Ewen's garden

A collection of columns, paintings and photographs about gardening on an offshore island in New Zealand.

Monday, March 06, 2006


Recently I had an inquiry from Gwen Rutter as to the identity of a plant in her garden. The description and picture indicated immediately the genus Agave, but I was unable again to accurately identify the species. Agaves are a large genus of plants belonging to the
Agaveaceae family all native to the warmer parts of America. Most of which are well suited to life in our climate, the most common seen these days is A.attenuata or fox tail plant due the long fluffy flowers it produces. This species, like all of the genus, produces a large rosette of pointed leaves of a rather glaucuos grey green colour. Some species will, is the case with Gwen’s specimen send up a flower spike metres into the air, an example of which can be seen opposite to the entrance to the supermarket. Once this flower head has set seed, the rosette dies, allowing the off sets produced at the base to grow. Many of the larger species will take up to 40 years before they flower, but worth the wait I would say, if you have the space and time to wait.

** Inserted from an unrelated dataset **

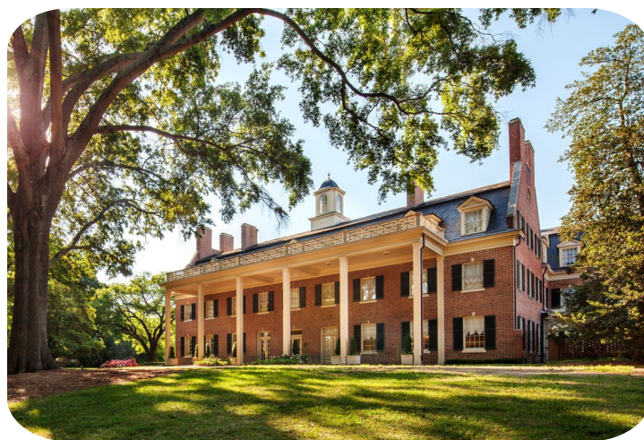
The Carolina Inn - Chapel Hill, NC

The Leader's Roundtable builds your personal effectiveness and your company's bottom line. Apply today!

Another plant from a large genus is the Sedum containing some 300 odd species. These are all succulents with fleshy leaves and clusters of small white or yellow flowers and more rarely red. One of the more common species Sedum rubrotinctum has leaves resembling jelly beans in shades of red and green. Flowering currently in my garden is Sedum spetabile in shades of white, pink and red. These are welcome in my garden at this time of year when everything else dried and shrivelled. They are growing on a steep bank in the company of lamb’s ears Stachys lanata, used as an edging, bearded iris (of course not in bloom) and some sweet alyssum. These are at the top of a flight of steps leading to my garden shed, hut, studio and hidey-hole. Here on a shelf I have a collection of the Gardener magazine from the past 15 years. Glancing through the issues from the early nineties, it was interesting how garden fads have come and gone. This was the height of the cottage gardening mania. Every other article was either about cottage gardens or cottage garden plants. Thank goodness we have moved on, or have we? Look today in the magazines and the gardens are all highly designed with sub-tropicals everywhere, no more the old fashioned roses falling about the place with lavenders and hollyhocks! There also seems to be a fixation with the small exhibition gardens of the Chelsea and Ellerslie ilk. I would have to confess though to being at times a slave to fashion, striving when I had my first garden in this neck of the woods, to produce a tropical wonder! Tropical no wonder more like! I have to be content to grow what really only sensibly survives in my conditions. The result is less work, and more pleasure, especially so during the summer, when I simply let the vegetable garden grow into an over blown arid wasteland. Better to have vegetables during the winter and spring when there is ample water and the soil temperature isn’t a baking 28 degrees!